[What is needed] The full set of lines below has to be duplicated exactly, with no picture kept.

[The data]
-------------------------

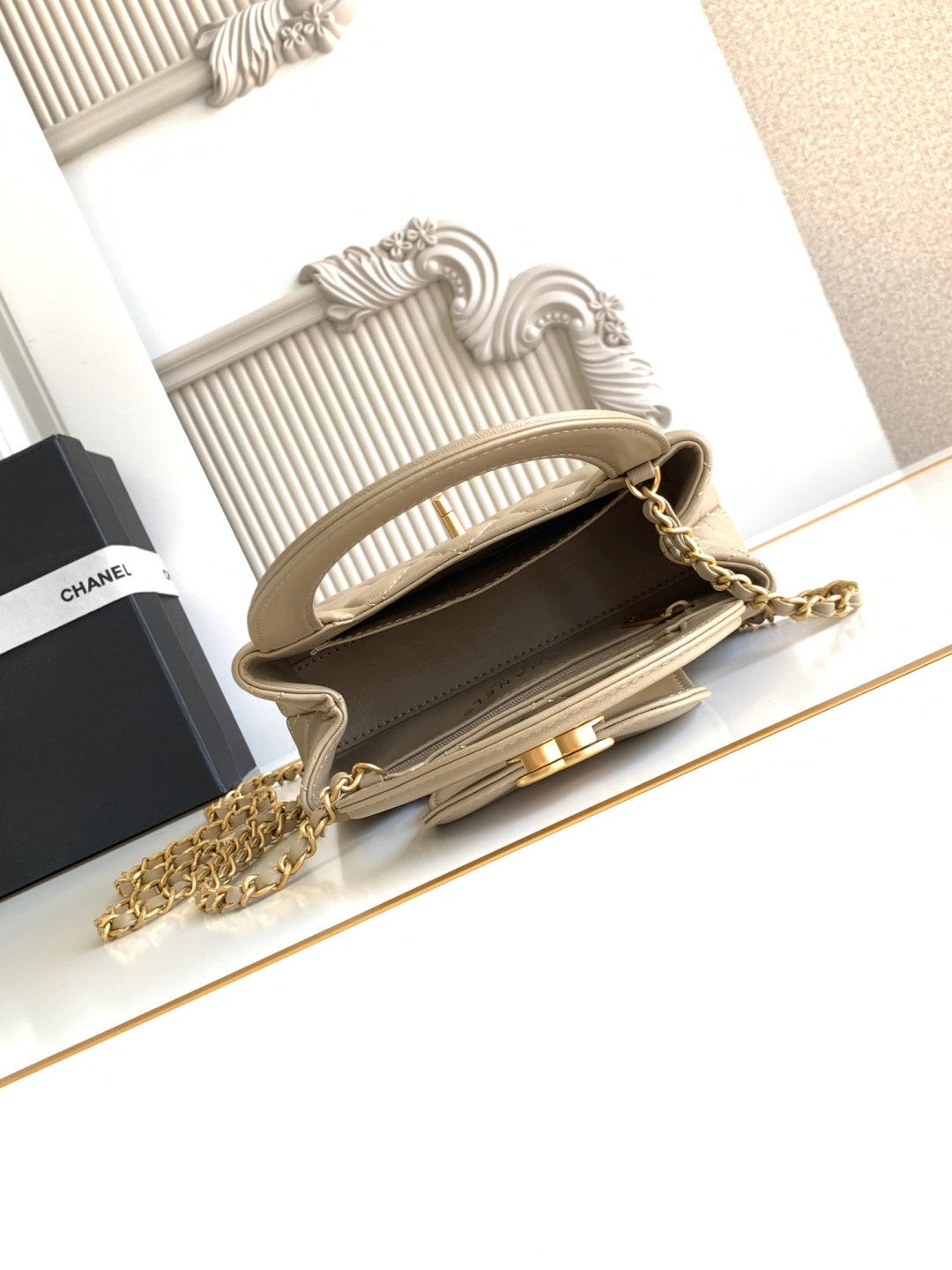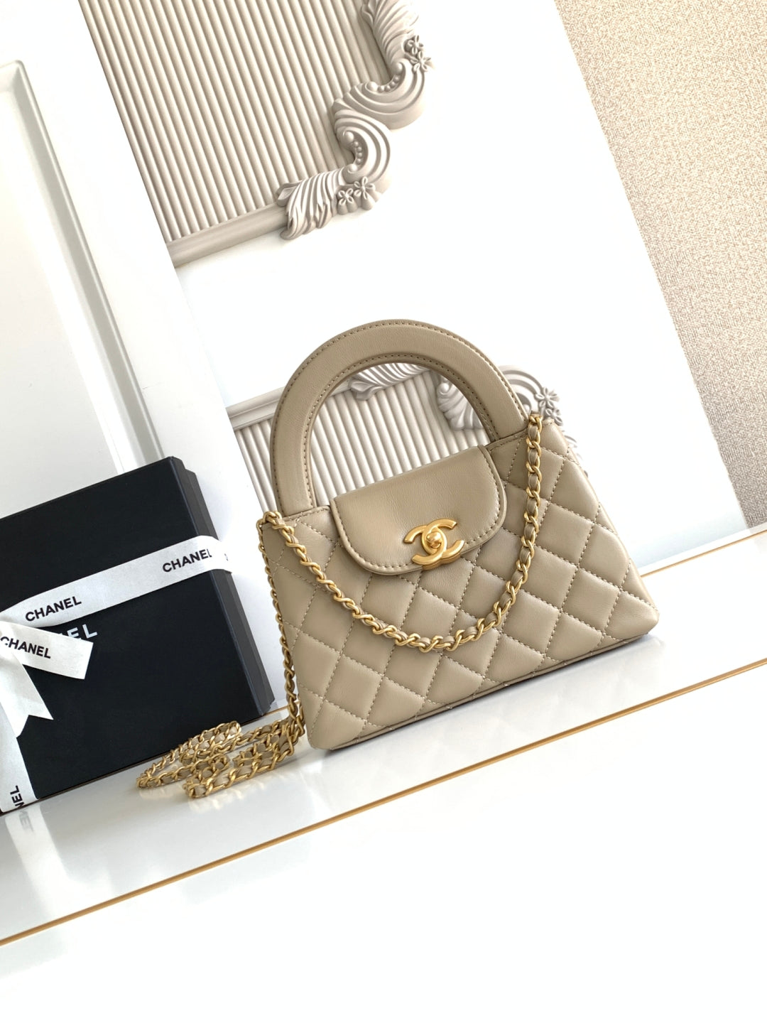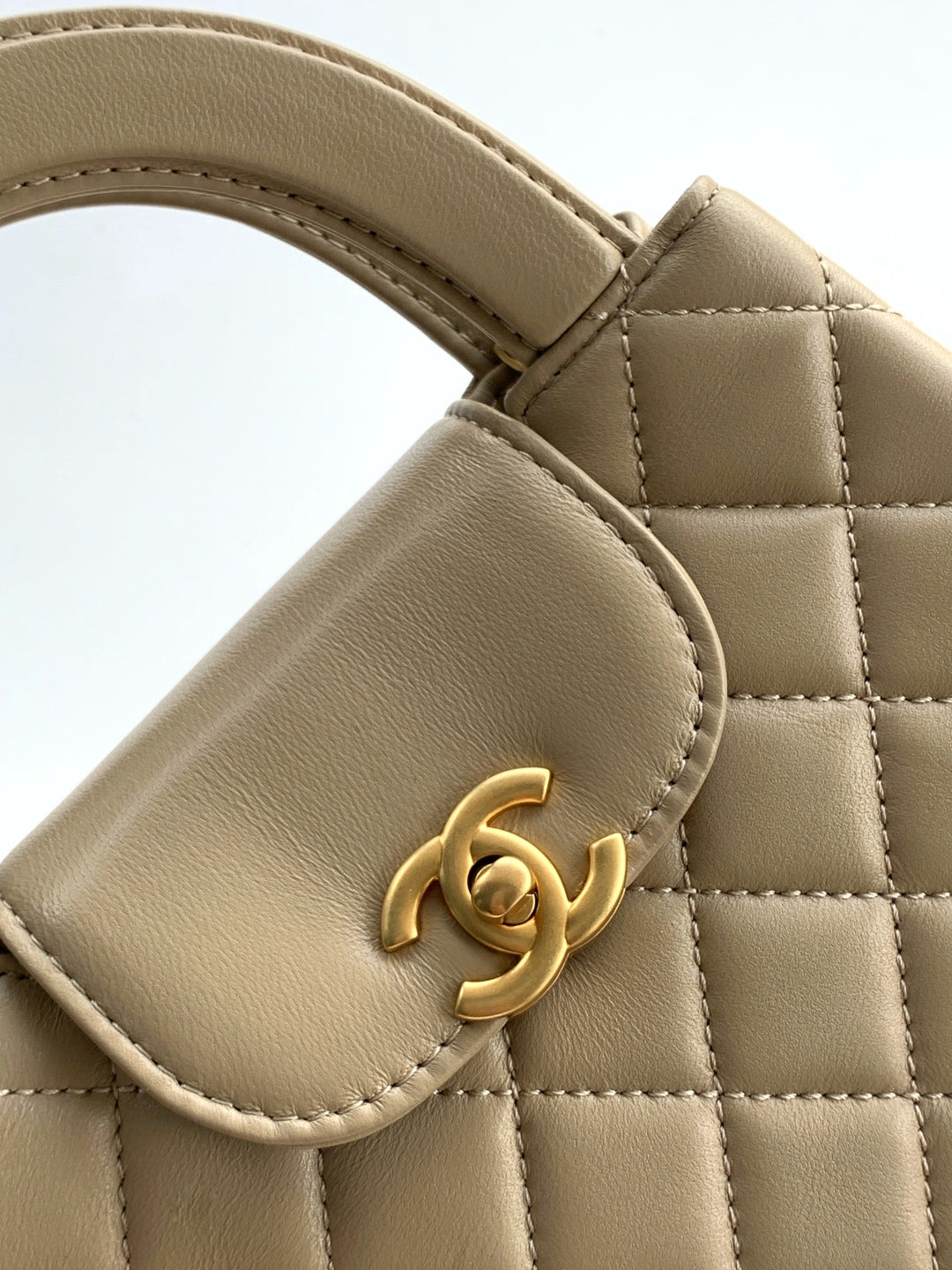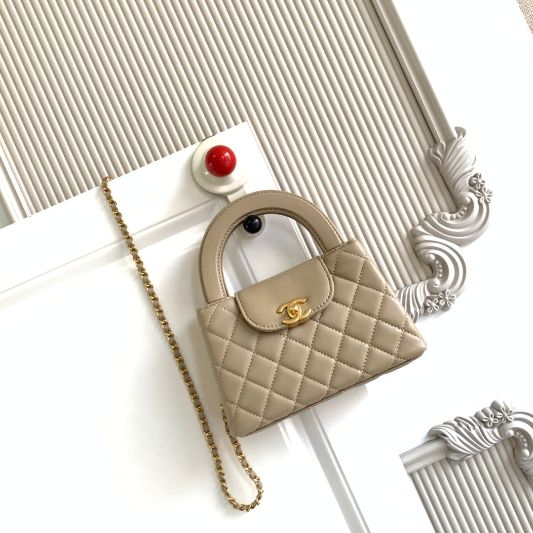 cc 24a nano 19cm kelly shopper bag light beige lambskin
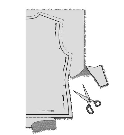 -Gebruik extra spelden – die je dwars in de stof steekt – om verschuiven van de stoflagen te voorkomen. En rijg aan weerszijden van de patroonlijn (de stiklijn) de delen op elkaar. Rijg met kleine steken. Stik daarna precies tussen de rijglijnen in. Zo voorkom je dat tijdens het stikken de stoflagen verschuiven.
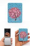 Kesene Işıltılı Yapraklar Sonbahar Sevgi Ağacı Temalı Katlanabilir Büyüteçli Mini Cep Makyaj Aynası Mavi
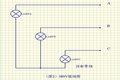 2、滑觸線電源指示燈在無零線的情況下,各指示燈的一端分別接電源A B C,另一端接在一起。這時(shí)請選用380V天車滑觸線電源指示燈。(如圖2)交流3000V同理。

-------------------------

[Task solution]
 cc 24a nano 19cm kelly shopper bag light beige lambskin
 -Gebruik extra spelden – die je dwars in de stof steekt – om verschuiven van de stoflagen te voorkomen. En rijg aan weerszijden van de patroonlijn (de stiklijn) de delen op elkaar. Rijg met kleine steken. Stik daarna precies tussen de rijglijnen in. Zo voorkom je dat tijdens het stikken de stoflagen verschuiven.
 Kesene Işıltılı Yapraklar Sonbahar Sevgi Ağacı Temalı Katlanabilir Büyüteçli Mini Cep Makyaj Aynası Mavi
 2、滑觸線電源指示燈在無零線的情況下,各指示燈的一端分別接電源A B C,另一端接在一起。這時(shí)請選用380V天車滑觸線電源指示燈。(如圖2)交流3000V同理。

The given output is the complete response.